Many people believe feeding foods high in fat will make their dog fat, but nothing could be further from the truth. Carbohydrates are what make mammals (including humans) fat. In addition, some dog breeds are predisposed to high triglyceride levels, for example, the Schnauzer. Higher fat foods like avocados actually decrease triglyceride levels, and in humans, they help lower LDL cholesterol. And still more benefits:

  • Avocados are high in oleic acid, which helps reduce inflammation, supports heart health, and has anticancer properties
  • Avocado oil is more stable than other oils at higher temperatures, so if you gently cook your dog’s meals, avocado oil is a good choice
  • Avocados are beneficial for gut bacteria (the microbiome)
  • Three-quarters of an average sized avocado contains just a few more calories than a tablespoon of coconut oil — a good reference point for those of you worried about daily calorie intake for either you or your canine companion
  • Bananas are the go-to food for potassium at 358 mgs per banana; however, an avocado contains even more at 485 mgs of potassium

Take home message #1: Don’t fear the delicious, super nutritious avocado!
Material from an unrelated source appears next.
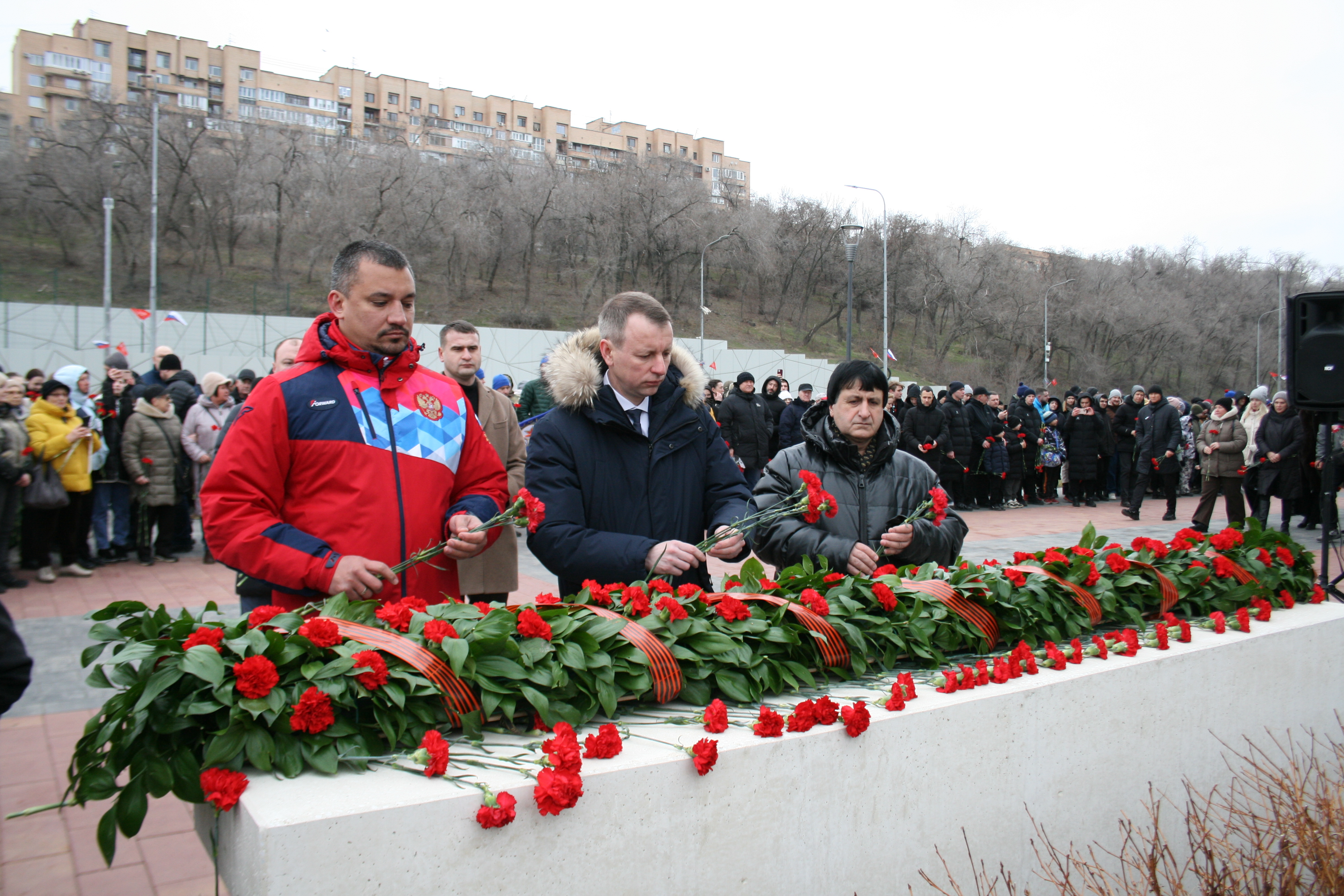 Сегодня перед началом соревнований участники легкоатлетического забега также почтили память защитников Сталинграда. Собравшиеся – воспитанники спортивных школ Волгограда, студенты, ветераны спорта, любители бега - возложили цветы к памятному знаку Героям Волжской Военной Флотилии на Центральной набережной.

Don’t fear them for yourself, and don’t be afraid to feed them to your dog! Feed the same edible parts of the avocado to your entire family (two and four legged).

Take home message #2: Avocados should be offered as toppers or treats, and limit all “add-ins” to your dog’s daily diet to 10%. Follow the adage, “everything in moderation.” Most foods have both positives and negatives, so don’t go overboard on any one food. Also, if you’ll be offering avocado to your pet for the first time, as always, start with tiny bites, and use your dog’s poop as a guide to how well he or she is handling new foods.